Excited to have found a special treat for my little guy to enjoy as we ate our donuts, we sat down for breakfast together. My son dove into his vanilla muffin along with the rest of his breakfast. Later, he got up from the table not acting like himself. When I asked him what was wrong, he quietly replied, “I don’t know.” We had just discussed the fact that it was our last day at the beach, so I assumed he was sad about that and didn’t push him to talk much more.
We proceeded to change into our swimsuits, lather up with sunscreen, and walk down to the beach. I was carrying my sleeping 6 month old, but when mom finally arrived with my 3-year-old, she commented that he was “moving at a glacial pace.”
He played in the sand for a little while with my dad and brother. A little later, he asked for a snack but didn’t really eat much. I knew something was up when he asked to sit in my lap. This kid had been sprinting up and down the beach all week! Something wasn’t right. He continued to become more and more clingy. At one point, he was sitting under the umbrella covered in a beach towel telling me he had a “feber” (AKA fever). He began asking me for medicine.
At this point, I also thought he might have gotten a little cool in the shade or that maybe he needed to go potty, so I began walking with him back up to our house. He didn’t want to walk, so I ended up carrying him the rest of the way. As we were walking, he began to scratch. By the time we’d gotten to the house, he was itching all over and clawing his neck, legs…really, his entire body.
Finally out of the sun, I was able to see his skin more clearly. It looked like he had a terrible, blistery sunburn. He sat on the tile floor and scratched while I called the bakery to re-check the ingredients of his muffin. Again, I spoke to the owner and was told the muffin did not contain eggs or nuts; however, this time he offered to have someone else check and call me back. I continued to observe my son while I called my mom to come up from the beach because I suspected an allergic reaction. My husband wasn’t able to come on this trip, so I called to let him know as well.
When the bakery called me back, I answered and began asking more questions about the specific egg-free, nut-free flavors the bakery offered. The woman who returned my call listed several options, but vanilla wasn’t one of them. When I asked about the vanilla, I was finally told, “Oh no. The vanilla muffin isn’t vegan. It contains eggs.” My heart dropped as I quickly hung up and went to get the Epipen. As soon as my parents walked into the house, we administered the Epipen amidst lots of screams and tears from my little guy.

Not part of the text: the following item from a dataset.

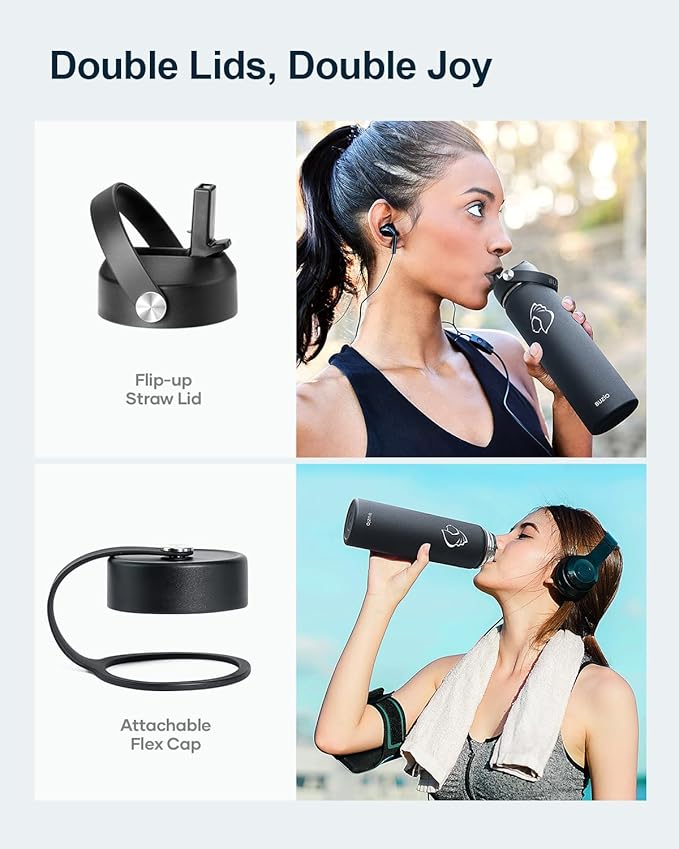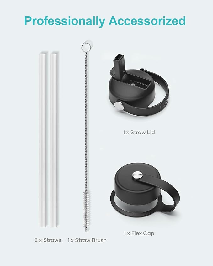 - What You Get: Included with a BUZIO insulated water bottle, a straw lid (2 straws), a flex cap, and a cleaning brush. If for any reason, you are not 100% satisfied with product, we will offer a full refund or an exchange!

Those moments and the ones that followed were so scary and heartbreaking. My son, already not feeling well, knew he was going to have to get a shot and was basically hysterical. As a mother, I was scared to death not knowing how quickly his reaction was going to progress. Many people don’t realize that allergic reactions can worsen over the course of several hours and that antihistamines (which my son takes every morning) can mask certain aspects of allergic reactions.
I was devastated, knowing he trusts me to never give him foods that would hurt him or make him sick.

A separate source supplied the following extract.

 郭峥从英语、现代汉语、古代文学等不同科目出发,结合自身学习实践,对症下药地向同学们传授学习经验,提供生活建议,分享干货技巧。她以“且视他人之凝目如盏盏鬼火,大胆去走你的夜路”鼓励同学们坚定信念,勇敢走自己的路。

We rushed, flashers on, to the nearest hospital. Though his heart was racing, my little guy was having a hard time staying awake. We watched videos and encouraged him to keep talking to us on our 15-minute drive to the hospital.
Fortunately, the emergency room staff was wonderful, and we were in a room within 5 minutes of our arrival. They administered a hefty dose of strong steroids and Benadryl and set him up on a heart monitor for the next several hours to watch for any rebound reactions as the Epipen wore off. Fortunately, his breathing was not compromised and his airways stayed open. We had lots of people praying for us by that point, too. I’m not sure what would’ve happened without his Epipen or morning dose of hydroxyzine. I am so thankful that I was with him and that my family, doctors, PA, and nurses knew how to care for him as well.

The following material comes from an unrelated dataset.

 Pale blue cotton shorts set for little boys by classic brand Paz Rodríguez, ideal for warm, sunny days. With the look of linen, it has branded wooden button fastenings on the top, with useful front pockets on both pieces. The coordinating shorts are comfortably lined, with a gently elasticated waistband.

Looking so much better after his Epipen and steroids
The bakery owner was very apologetic, tearfully offering to pay for all of my son’s medical expenses; however, this was a life-threatening emergency that could’ve had a completely different outcome due to this oversight and not taking our inquiry related to my child’s food allergies seriously enough. And this from the owner of the bakery! I was baffled, and it honestly makes me exponentially more wary of taking my son out to eat.
I recognize the extra effort that goes into researching the items that are served at bakeries and restaurants when patrons report an allergy and ask about ingredients. It’s additional time and work in a fast-paced industry. At the same time, I believe people not only need more training and awareness of the seriousness of food allergies, but our society, especially those who work in foodservice establishments, also need a little more empathy.
Though he has such a sweet attitude about it, it brings tears to my eyes to think that my son can’t just eat a regular piece of cake at a birthday party or enjoy our tradition of donuts at The Donut Hole. I hate that he can’t order whatever sounds good from a restaurant menu. It’s nerve-wrecking to know he has to rely on other people to tell him which foods are safe and which ones are not at this point in his life. It requires quite a bit of trust on his part, and it requires a ton of our trust in food service establishments.
I share our story in hopes that those who work in food service will see my son and others who have food allergies as real people who want to be normal, who want to belong, who don’t want to have to live in a bubble and eat at home all the time. I share it for friends and family members of those with food allergies to have a greater awareness of what allergic reactions might look like and how to react, knowing that my son’s reaction could’ve been much worse and progressed much faster. I share it so that others will understand the reasons why parents worry so much about foods served at school, parties, and other events.
There is no shame in asking lots of questions and reminding and re-reminding others about a loved one’s food allergies, and I’ll continue to model these behaviors (carrying the Epipen, asking questions, etc.) and to teach my little one how to take his allergies seriously, too.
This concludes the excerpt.